Daniel y yo nos conocíamos desde siempre, nuestra amistad comenzó en la guardería y desde entonces más que amigos nos convertimos en hermanos. Así que al día siguiente me levanté temprano, mi madre se extrañó al verme de pie a esa hora, pero no dijo nada y me preparó el café. Desayuné y me puse en marcha. Un cuarto de hora más tarde pulsaba el timbre de la casa de mi amigo. Pero como era un gran dormilón, volví a repetir mi gesto, esta vez con más insistencia. Al poco la puerta se abrió y detrás apareció mi amigo en pijama y con cara de recién levantado. 

      – ¿Eres tú Ernesto? - me preguntó.
      - ¿Quién va a ser sino? Anda vistete. 

Su madre, divorciada, estaba trabajando y él estaba solo en casa. Lo seguí hasta su dormitorio, ahí un tufo increíble me recibió con un bofetón e hizo que cayera sentado en el lecho. Aunque venía a buscarlo a menudo no terminaba de acostumbrarme. Mientras se hacía el café, fue al baño, se aseó y después se vistió. Nos tomamos un café rápido en la cocina y salimos de allí. Una hora más tarde llegábamos a Toledo.

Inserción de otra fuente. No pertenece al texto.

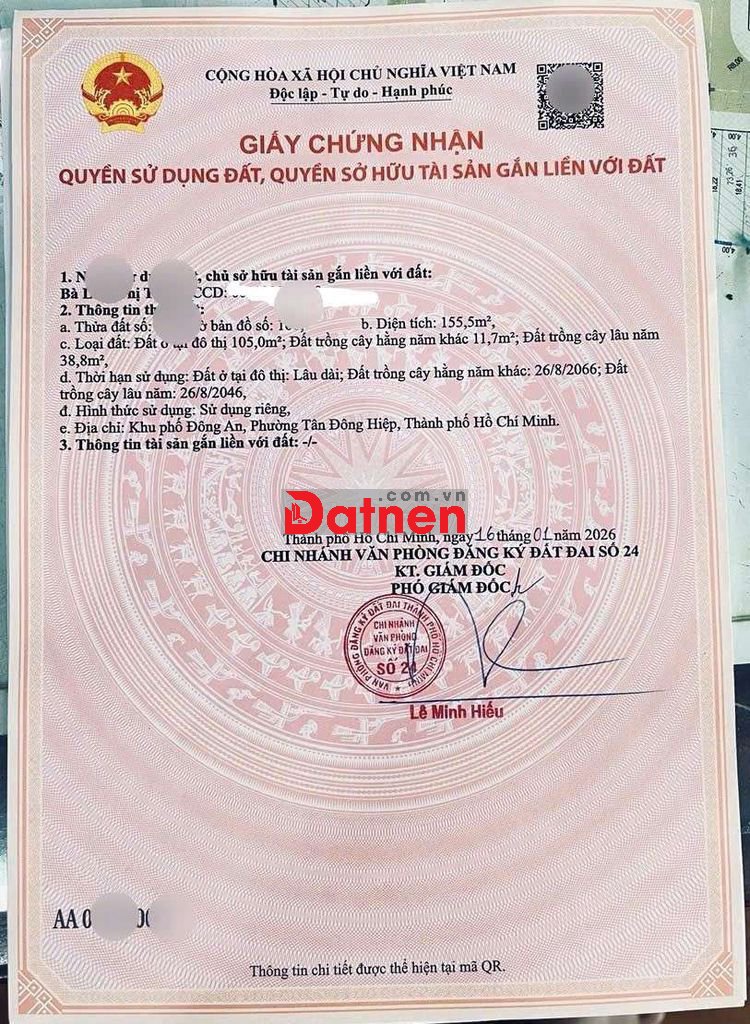 Thổ cư 105m2. Sổ hồng riêng.
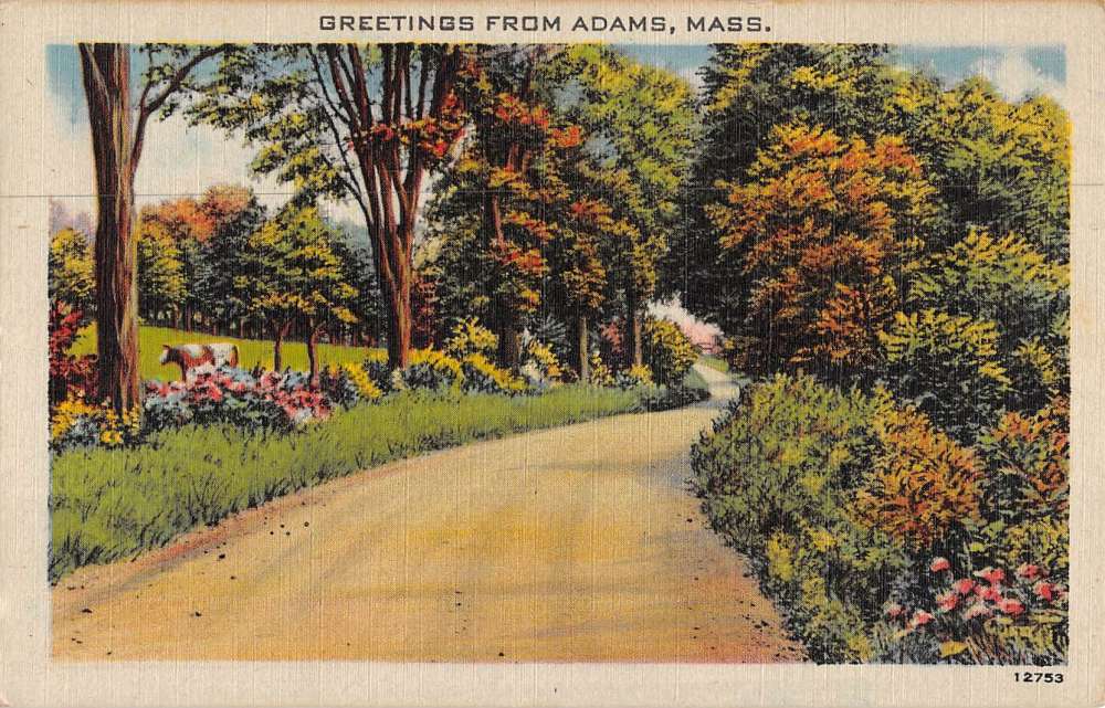 Adams Massachusetts Cow Street Scene Greeting Antique Postcard K69231
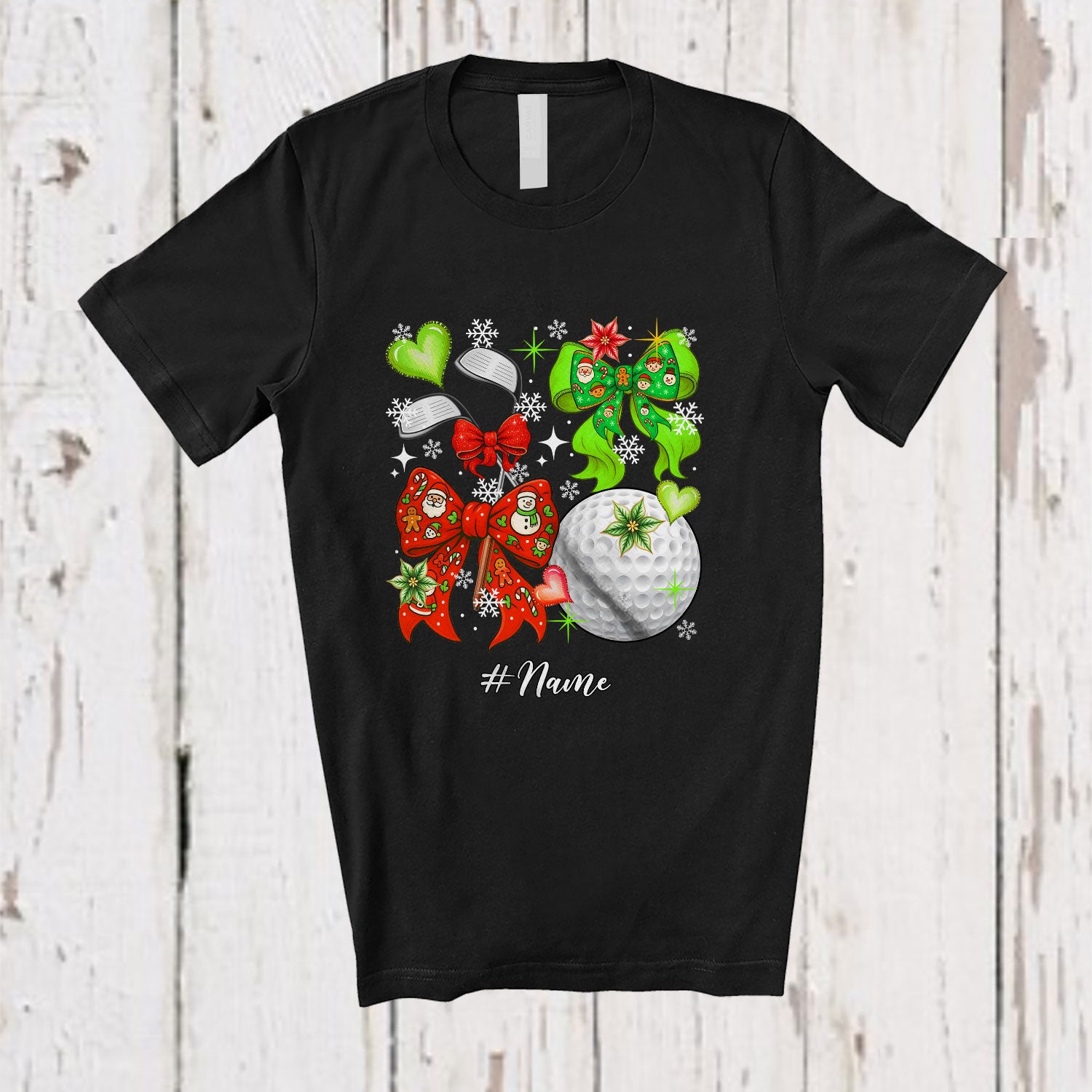 Personalized Custom Name Golf Christmas Coquette; Lovely Bow Tie Snowing; Sport Player T-Shirt. This cotton t-shirt is a durable staple product with a classic fit. One of the most popular items, it has a relaxed style made for everyday and casual wear.

Compramos un plano de la ciudad y nos pusimos a recorrerla, primero a pie, después en automóvil. Así pasamos el puente de La Cava y cogimos la cuesta de Piedrabuena en dirección a Los Cigarrales. Pasamos ante un gran caserón reconvertido en lujoso restaurante, después, la carretera hacía un giro a ángulo recto a la derecha. La seguimos y al fin vimos la propiedad que buscábamos. Desde ese punto no se veía el caserón, sólo podíamos ver un muro alto y que parecía grueso. Llegamos a una rotonda y dimos la vuelta.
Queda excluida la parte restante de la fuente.